Teams, Competence, and Safety in Surgery


Surgery and health care, in general, depends on quality teamwork. Highly functioning teams are not born but are built. In high-functioning and effective teams, members have a shared understanding of purpose, the system(s) in which they are to function, and the cultural norms that define acceptable behavior. The accomplishments of a team exceed the accomplishments of its members. A team learns and exhibits collective competence.

The purpose of this chapter is to describe characteristics of expert teams, and the sociocultural environment and systems in which teams function in the context of surgical safety. It discusses aspects of both technical and nontechnical aspects of surgical performance using clinical examples from experience in British Columbia.

Expert Teams

Every day, we see expert teams working, whether they are astronauts working together on the international space station using the CanadaArm to launch or retrieve satellites, construction workers building the next skyscraper, our favorite sports team, or emergency responders. In each situation, a group of individuals, each with specific skills, have come together to perform a task, a task that any one member would not be able to achieve on her or his own.

The concepts underpinning expertise in teams and team behavior have only recently been studied in medicine. The need for effective teamwork and effective communication has been recognized by many reports and reports describing the safety of health care around the world, such as the Canadian Adverse Event Study and the report on Adverse Events among Children in Canadian Hospitals. These reports and others, such as To Err Is Human and Crossing the Quality Chasm, have surfaced the concrete connection between teamwork and increased patient safety and quality of care. Moreover, they highlighted the many contributing factors that facilitate quality human and team performance in health care.

What Is a Team and What Does It Do?

A team can be defined as a group of two or more individuals who share a common goal, composed of members, each having specific skills and roles to perform in order to attain a known goal successfully. Team members rely upon each other. Teams as a whole and their members adapt to changes in the context or situation in which they find themselves. Baker and colleagues describe these characteristics as the “specific knowledge, skills, and attitudes” that team members must possess.

Effective teams embody a collective approach and action, composed of interdependent tasks to achieve the goal. The members of a team and the team possess specialized knowledge and skills, and make decisions and trade-offs while executing the collective action. They learn from experience so that performance can be improved. Often, teams work under conditions of high demand and stress, and in situations where the consequences of failure can be profound such as in health care.

To be most effective, a team must be directed by a common and understood goal. To achieve that goal, the members must share a common mental model of both the goal and the task(s) required to achieve it. “When teammates hold similar cognitive representations, they are better able to anticipate one another's needs and actions, to engage in more efficient searches for information, to jointly interpret cues in their environments, and to negotiate solutions to problems encountered.” Members share a “team orientation”; “we can only achieve our goal together, otherwise we fail.”

To build the team orientation, members must establish mutual trust. This is done by training and working together, supporting each other and learning from experience as they participate in the authentic situations that the team is intended to address. They know each other and the tasks. They monitor each other's performance and provide backup support when needed. They are effective verbal and nonverbal communicators, balancing voicing and listening.
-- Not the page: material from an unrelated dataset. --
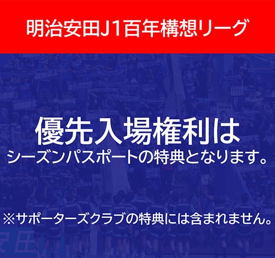 明治安田J1百年構想リーグでは会員数増が見込まれるため、会員特典より優先入場権利を廃止します。

What teams do, specifically the “activity of working together,” has been described by Edmonson as “teaming”. Teaming is “a dynamic state, not a bounded static entity.” “Teaming blends relating to people, listening to other points of view, coordinating actions and making shared decisions. Effective teaming requires everyone to remain vigilantly aware of others needs, roles and perspectives.” Teaming embodies cognitive and affective skills in the members and the team. It does not require a stable structure. Teaming is the “engine of organizational learning.” Through “repetitive cycles of communication, decision making, action and reflection, with each cycle informed by the result of the previous cycles until the outcomes are achieved.” During this process, the differences between the knowledge and skills of members become clear, effective communication leads to improved coordination, and effective interdependent actions develop.

Effective teams are competent; their members are competent at the individual level and the team is collectively competent. Commonly, individual competence is conceived of as a quality that the person develops, acquires, or possesses; a state achieved. Collective competence differs; it is a characteristic of a team. It is only achieved by participating in the authentic situations that the team is intended to address. Team competence is distributed across the network of individuals and is consistently evolving because of the interconnecting behaviors enacted in time and space between the members of the team.

Characteristics of Effective Team Members

Clarke has described the characteristics that effective members in health care teams possess. These include an individual commitment to safety combined with the ability to effectively communicate (accurately, unambiguously so that the meaning is understood). Team members make sense of the situation as it unfolds while attending to his or her own activities and those of others. The individual's tasks are known, understood, and rehearsed. Backup plans are developed and contingencies formulated for when they might be needed.